Last weekend the sun dragged the three of us down to Cardiff Bay. Since we first moved to South Wales over 20 years ago this once neglected corner of Cardiff has gone through a transformation. Then the bay was open to the huge tidal range at occurs in the Severn Estuary, leaving large expanses of mud flats when the tide was out, although not pretty to look at is was a place where wading birds gathered in large numbers. The loss of a large winter feeding area for migrating birds led to the development of the Newport Wetlands further east into a large nature reserve. Controversially it was decided to build a barrage across the bay, creating a large freshwater lake. This was accompanied with investments from business building major office complexes, government spending on new theatres, the Welsh Assembly, cultural landmarks and the development of the old docks with private flats.

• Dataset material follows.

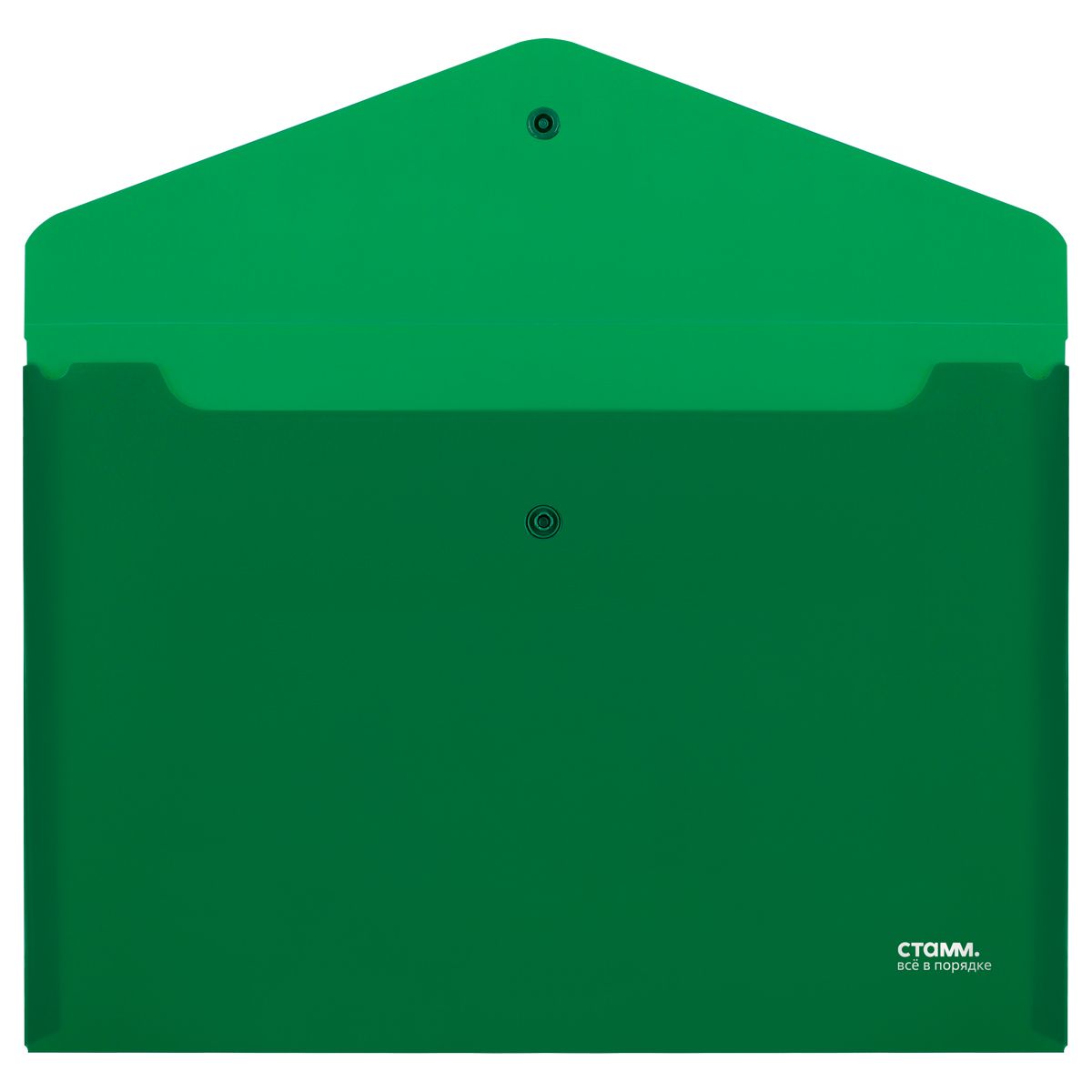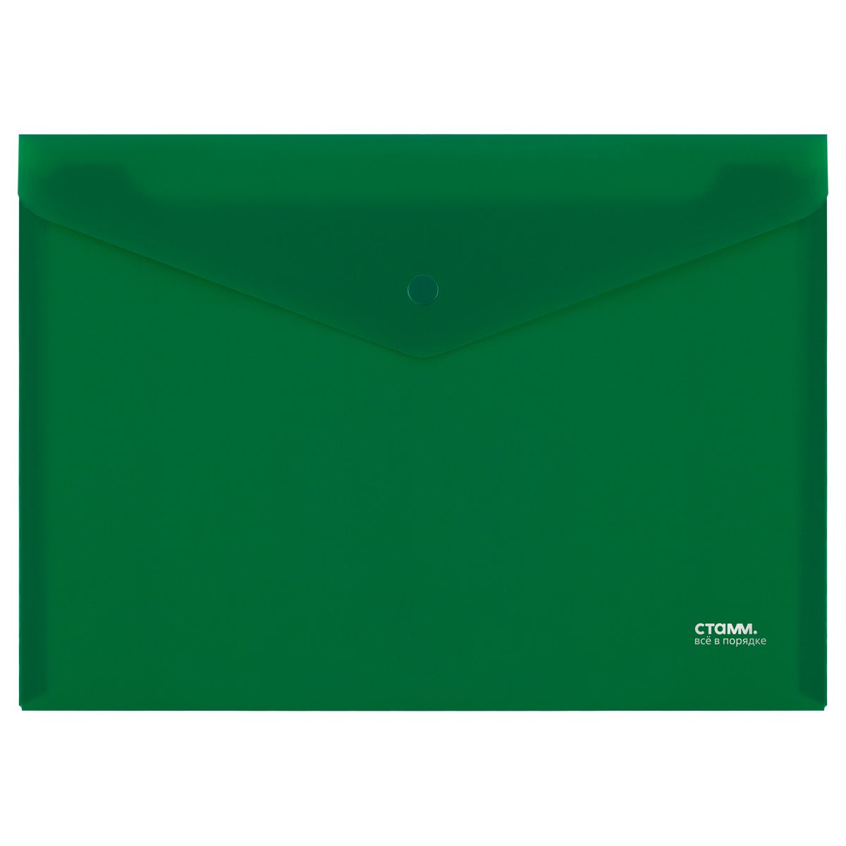 Папка-конверт на кнопке СТАММ А4, 180мкм, пластик, непрозрачная, зеленая

The transformation has been impressive, and also includes a vibrant restaurant quarter where you can choose from traditional pubs, Italian, Persian, Chinese and an American Dinner. It is now possible to walk all the way around the Bay, and Aunty and I have done this in the past, but with Number One Daughter included today we took the easy route over to the Penarth Marina, and took the water bus back to the Waterfront. Along the paths butterflies patrolled and fought to be the first to breed with any passing females.
However, this small piece of disagreeable evidence of lazy selfish behaviour was countered by the planting of annual plants along sections of the path creating riots of colours as the sunlight hit the flowers.
There is still part of the port complex still working, and the line of large cargo cranes remain visible on the sky line.
The large freshwater lake is now a Mecca for yachting and boating. Aunty and I keep on thinking one day we will get our act together and join the yacht club to learn to sail one of the little sail boats. One day!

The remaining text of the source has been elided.